I wrote two poems today: one for the Writer's Digest prompt ("memory") and one bonus one. I sat down to revise and post them at about 11:40, whereupon I decided that the "memory" poem sucked. So I just wrote another one, totally from scratch. And it might be no better...but I'm tired of excuses.


Seventeen

Sitting under the tulip tree on the school lawn
and talking about Ephesians
you pushed your hair behind one virgin ear
with a stub-nailed finger. The fencing trophies
stayed in your room; your mother wanted
a beauty queen,

going so far as to commission a painting
of the child you never were. Her phantom toddler
bears a golden wimple of hair, a blue dress
above plump knees.

Seventeen years later, as the father foe fell,
mother became the enemy. She fought
your evil love, letter by letter, as you won
match after match against masks.

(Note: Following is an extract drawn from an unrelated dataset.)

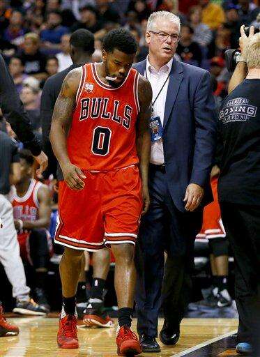 Bulls: Rose is day to day, Hoiberg said before the game. Rose's ankle is still sore and he's not expected to do much in practice on Thursday beyond testing out the ankle with running and making cuts. ... The Bulls have won 11 of the past 14 meetings. ... Joakim Noah grabbed 11 rebounds without scoring a point, the first time a Bulls player had double digits in rebounds without scoring since March 11, 2011, when Noah had 11 boards against Atlanta.

You lay
with a woman who loved you bare.
You resurrected the spirit beneath Paul’s letters,
if not hers.

You always saw me whole, found me steady.
But you contained multitudes you couldn’t see
from that grassy hillside in
your seventeenth year.


This is the other poem I wrote, late in the day. This morning, I heard a poem by Kenneth Hart on the Writer's Almanac on NPR. I was quite taken with his work. So I found another of his poems--"Nat & Forrest"--and did a "write-between-the-lines" exercise with it. The lines I generated led to this poem.

Day Roofers

As high as it is on this
hot, bright God’s-eye perch,
surrounded by heaps of
cracker-dry shingle
and lumber long as a Monday,
we have to hurry
for fear of rain.

We are saving the house,
preserving the family
with galvanized nails
and black tar,
keeping them dry in their beds.
When we are done
the night comes quick:

it drew the dark up to their chins
like an heirloom quilt
studded with stars
that won’t bother them
because our work is solid.

On the ground, weary,
we are not heroes, but men
who sleep in borrowed beds
in the Fellowship Hall,
eat the day-old bread
and watered soup of the white men
who borrowed this land,
built on it,
nailed the roof shut and dry.


I'm really not happy with the way this blog is going right now. I feel a bit like a hack. And I know I'm not a hack; it's just an unusual week. I have to trust that I'll do better soon. Right now it's all I can do to just keep on doing.